Electronics engineering teams not only need to assess the electromagnetic (EM) performance and structural integrity of their product systems, but also guard against thermal overstress, faulty solder joints, and other failure modes. They need to verify each individual component, as well as the multifaceted performance of the entire product system when exposed to real-world operating conditions.

What’s complicating this challenge? Just as they face historic shortages of engineering talent, product development teams are also being asked to increase their level of innovation and speed new products to market before competitors. 

Struggled looking man sitting at a computer desk

Smart Products Demand Smarter Ways of Working  

The problem is that, while electronics product systems have taken quantum leaps forward, the project management processes and tool kits that engineering teams use to deliver these designs have remained virtually unchanged. Despite the complexities of having several functional teams apply multiple physics at both the component and system levels, product development teams are still relying on outdated practices and technologies to manage this process.

As more engineering disciplines and product development stakeholders get involved in system-level simulation and analysis, manual processes and project handoffs become problematic. Email exchanges and verbal conversations are also fraught with risk. Important deadlines might be missed. Key verification steps could be skipped. Results might be lost, resulting in rework. And, lacking a real-time view across functions, no one might actually know where projects stand.

And that’s just one part of the issue. There’s also the nearly impossible job of effective data management. System-level and multiphysics product simulations generate enormous volumes of data. Most engineering teams are using consumer-grade databases and tools, including Excel spreadsheets and Google Docs, to manage, store, and share that critical information. As a result, it’s scattered across functional siloes and usually hard to locate quickly.

The risks of these error-prone, inefficient ways of working are bigger than daily inefficiency, high development costs, and slow launch cycles. They include product recalls, warranty costs, lost customer loyalty, and irreversible damage to the brand reputation. Also at stake: meaningful innovation, which is stymied as critical projects sit stalled and unnoticed somewhere in the development queue.

Ansys Minerva: The Industry’s Purpose-built Solution

Fortunately, there’s a straightforward solution. Ansys Minerva is an enterprise-level simulation process and data management solution designed specifically to support highly collaborative, innovation-driven, interdisciplinary product development for complex systems including electronics. Backed by the proven performance of Ansys simulation software and based on 50 years of industry leadership, Minerva orchestrates and accelerates the development of advanced electronics.

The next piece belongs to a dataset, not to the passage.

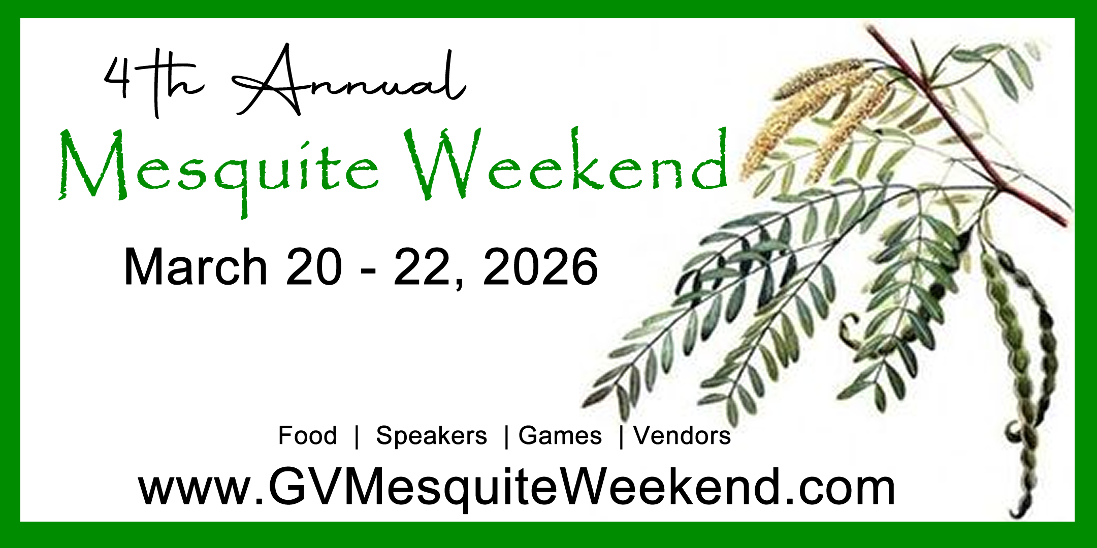 Peggy Sue Sorensen of The Desert Kitchen will be giving a workshop on this amazing food source. She will show you how to identify a Mesquite tree, as well as how to harvest, store and process the bean pods. She will also demonstrate how to prepare them into some yummy treats that you will be able to sample.
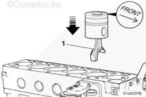 連桿 (1) 的長端必須在發動機的排氣側。如果不是,核實活塞正確安裝在連桿上。

Most electronics development teams are already leveraging the power of Ansys Sherlock to achieve fast, accurate, physics-based electronics reliability predictions at the component, board, and system levels. They’re likely using Ansys HFSS and Ansys SIwave to study and analyze EM performance, Ansys Icepak to conduct thermal analysis, and Ansys Mechanical to optimize structural and thermal properties. Minerva ties all these diverse activities into a single, cohesive workflow and brings cross-functional teams together on a unified platform.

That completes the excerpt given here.